With a history that spans all the way back to the year 827, Venice has long been a key and strategic place in Italy, Europe – and the world. This city on a lagoon has been intricately – and intimately – tied to the sea since its inception, and has maintained a reputation as one of the world’s most romantic cities for nearly as long. Other than Paris, no other city conjures images of pure romance and timeless, classic charm quite like Venice. From maze-like, winding streets – to its trademark and world-famous canal system – Venice is truly one of the most breathtaking ports of call that most cruise passengers will ever have the pleasure of visiting.

Sightseeing & Things To Do

Venice is such a magical place that to sit on the ship and miss out on its charms would be a major disappointment. From the Piazza San Marco to the Grand Canal, Venice is positively drenched in history, elegance and romance. Whether you choose to enjoy a gondola ride – or if you simply spend you time while here wandering the winding streets and bridges of the city – your time in Venice will be one that you’ll treasure for the rest of your life.

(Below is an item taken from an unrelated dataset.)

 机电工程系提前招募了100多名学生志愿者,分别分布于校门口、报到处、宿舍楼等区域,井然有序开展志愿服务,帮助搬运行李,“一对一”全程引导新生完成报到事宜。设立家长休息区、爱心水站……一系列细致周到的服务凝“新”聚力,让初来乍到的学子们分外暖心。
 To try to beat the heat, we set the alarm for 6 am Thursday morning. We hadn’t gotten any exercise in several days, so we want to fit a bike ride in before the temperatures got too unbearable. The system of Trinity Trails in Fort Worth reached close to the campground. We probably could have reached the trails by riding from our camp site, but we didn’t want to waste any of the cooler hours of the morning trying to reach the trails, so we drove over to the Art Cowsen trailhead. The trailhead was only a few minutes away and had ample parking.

Many people are under the impression that Venice is a small place – it’s not. When visiting, it helps to have a plan regarding what you absolutely must see. Consider one of these attractions:

Piazza San Marco

As the largest and most famous square in Venice, the Piazza San Marco is a superb place to roam about, snap pictures and to simply acquaint yourself with Venice. The people watching here is definitely great, too, and there are always plenty of folks milling about. Small cafes, bistros and shops line the square, making it a natural place to spend an hour or two.

St. Mark’s Basilica

Located right on the Piazza San Marco, St. Mark’s Basilica is one of the most famous sights in Venice. If you only tour one historic building while here, make it this basilica. Keep in mind that appropriate attire is required – i.e., you cannot enter the basilica wearing ultra casual clothing.

The Jewish Ghetto

The Jewish Ghetto is the section of Venice where the majority of Venice’s Jewish population used to live. Dotted with great restaurants, shops and boutiques, this section of Venice is well worth exploring. In many ways, it is a microcosm of the entire city of Venice, so if time is limited you may want to head over here.

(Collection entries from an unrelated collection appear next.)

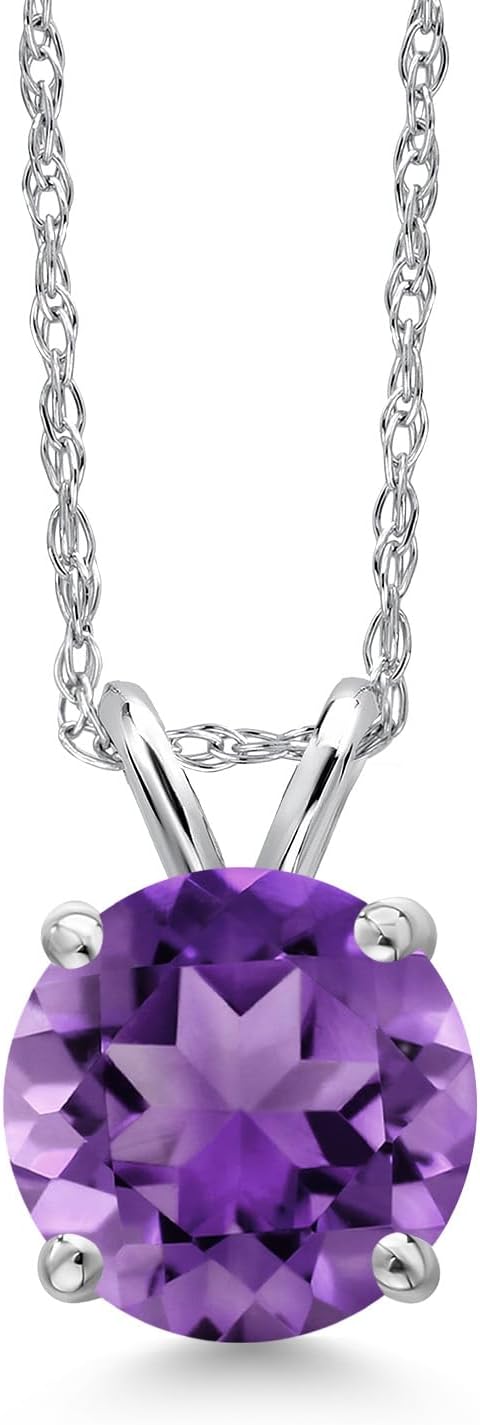Gem Stone King 14K White Gold Purple Amethyst Pendant Necklace for Women | 1.20 Cttw | Gemstone February Birthstone | Round 7MM | With 18 Inch Chain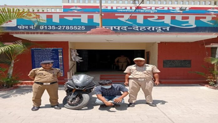जिस पर पुलिस टीम ने थाना रायपुर क्षेत्र के अंर्तगत सघन चेकिंग अभियान चलाया गया। चेकिंग के दौरान सहस्त्रधारा रोड मयूर विहार से घटना को अंजाम देने वाले आरोपी अर्पित कुमार निवासी बिजनौर को चोरी की मोटर साईकिल के साथ गिरफ्तार किया गया। थाना रायपुर प्रभारी कुंदन राम ने बताया आरोपी अर्पित कुमार देहरादून स्थित निजी संस्थान में बीबीए का छात्र है। वर्तमान में डांडा खुदानेवाला में किराये के मकान में रहता है। आरोपी के परिजनों ने उसे स्प्लेंडर मोटरसाइकिल दी है. उसके दोस्तों के पास महंगी मोटर साईकिलें थी। उसने अपनी महिला मित्र को इम्प्रेस करने के लिए यामाहा R1-5 को चोरी की. जिसे वह कुछ दिनों के लिए बिजनौर ले गया। आरोपी ने गांव में नम्बर प्लेट हटाकर कुछ समय बाद देहरादून आ गया।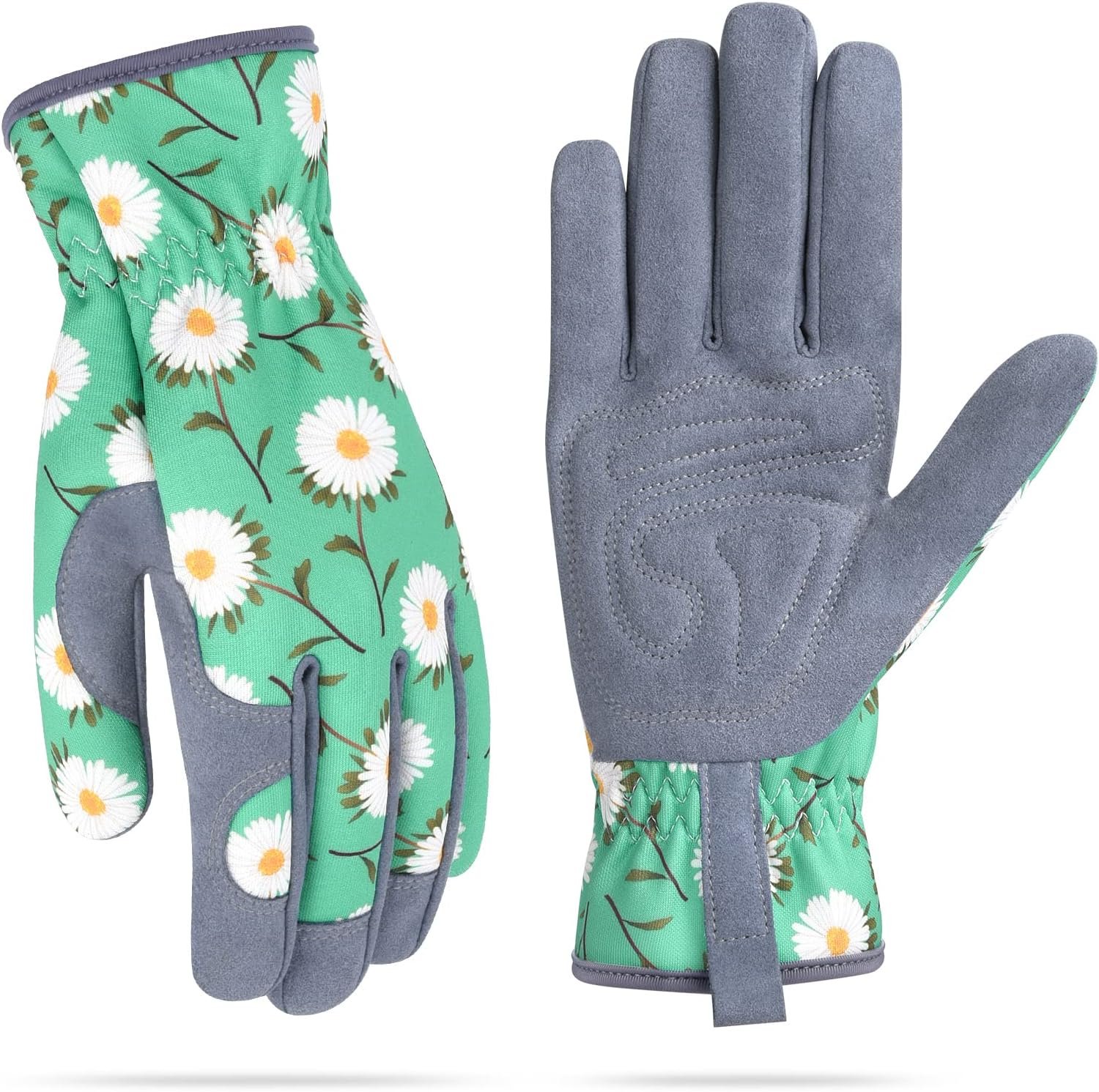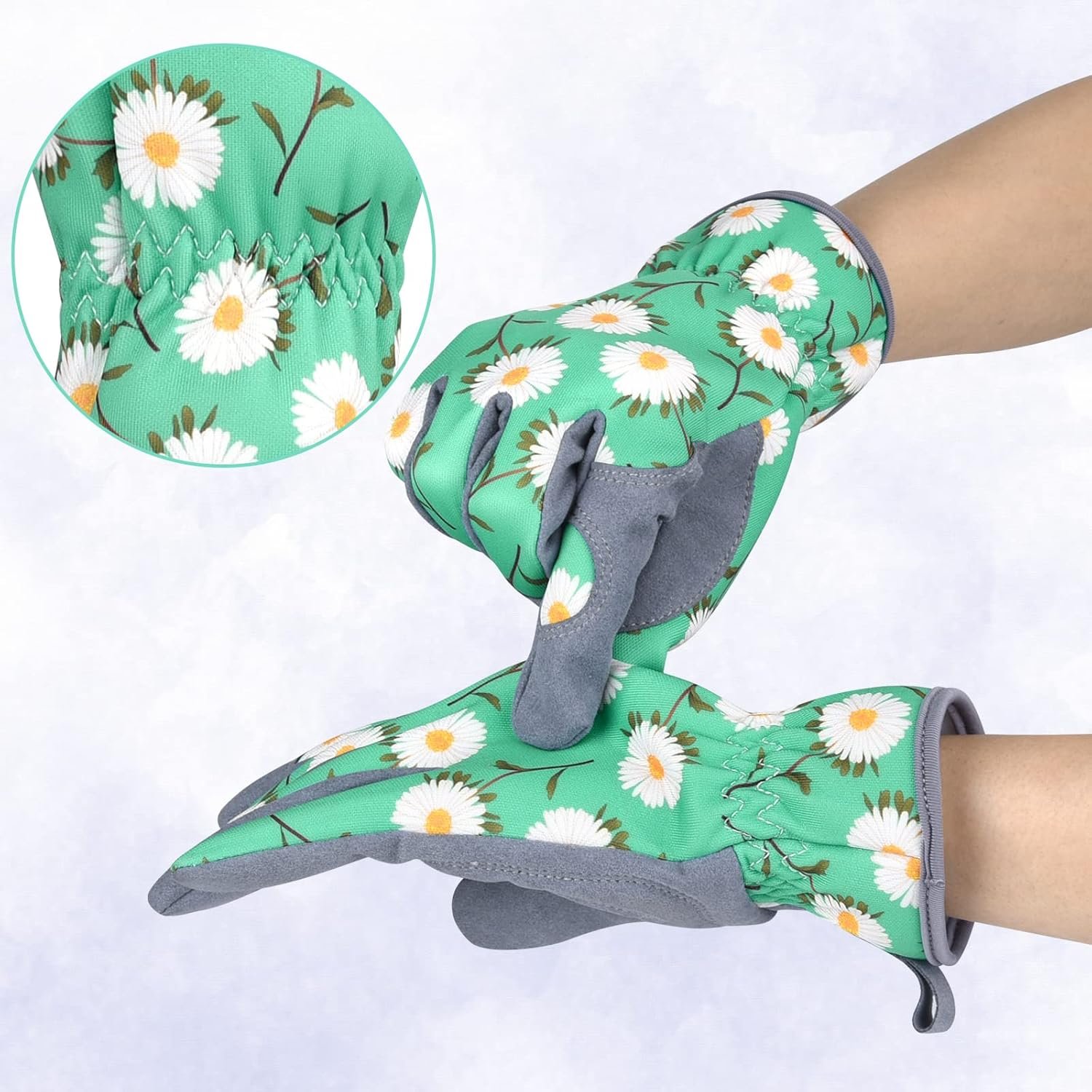 Womens Gardening Weeding Working Gloves, Leather Garden Glove for Women Thorn Proof No Stab for Digging, Planting,Pruning

Visit The Grand Canal At Sunset

Whether it’s by gondola – which can be expensive – or by water bus, you should make it a point to cruise down the Grand Canal right at sunset while in Venice. You’ll enjoy a different perspective of the city and will marvel at the play of light on the old, well maintained buildings.


Venice’s Rialto market is the best place to pick up virtually anything imaginable. On one end, several excellent shops are available and sell a vast array of goods; on the other end, a farmer’s market allows visitors to sample a bit of the local produce. All along the way, the delightful atmosphere of the Rialto market – and the nearby Rialto Bridge – are sure to create long lasting memories that you will look back on with fondness many years later.

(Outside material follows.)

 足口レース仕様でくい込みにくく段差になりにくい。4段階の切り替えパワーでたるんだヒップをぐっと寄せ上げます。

Best Souvenir To Bring Back To the Cruise Ship

Venice is known the world over for its incredible glass. Whether you choose a small glass bauble or trinket – many of which are sold right on the streets of Venice – or a more elaborate and fine work of art, glass is the best souvenir to choose in this gorgeous city.

Eating – Sample the Local Cuisine

Restaurants are easy to come by in Venice, and their general quality is excellent. Be sure to sample a bit of the popular Venetian cuisine while in this eclectic city. Cuttlefish and its ink are famous and very popular ingredients to try while in Venice. The ink acts as the sauce in such dishes, which can be found all over the city. Polenta Nella Seppia – corn meal that is fried in cuttlefish ink – is one excellent example.

When, Where, and How

When To Go

There are pluses and minuses to visiting Venice in virtually any season. That said, if you have a choice in the matter then you should try to come to Venice in May or June. The temperatures are usually pleasantly mild at this time, precipitation is kept to a minimum and the crowds are much thinner than they are during the height of the summer.

Where You’re Docked

The huge majority of large cruise ships dock over at the Venezia Terminali Passeggeri, the main cruise terminal of Venice. Since water taxis and the like are abundant in Venice, it’s easy to snag one upon arrival. Otherwise, setting off on foot is a simple and easy way to embark on your exploration of Venice.

Which Cruise Ships Go Here?

A vast array of the largest cruise lines have itineraries that include stops at Venice. A few of the major cruise lines that stop in Venice are Cunard, Celebrity Cruises, Fred Olsen Cruise Lines and P & O Cruises. However, there are many other options available in terms of ships, dates, days at sea and in port when it comes to Venice.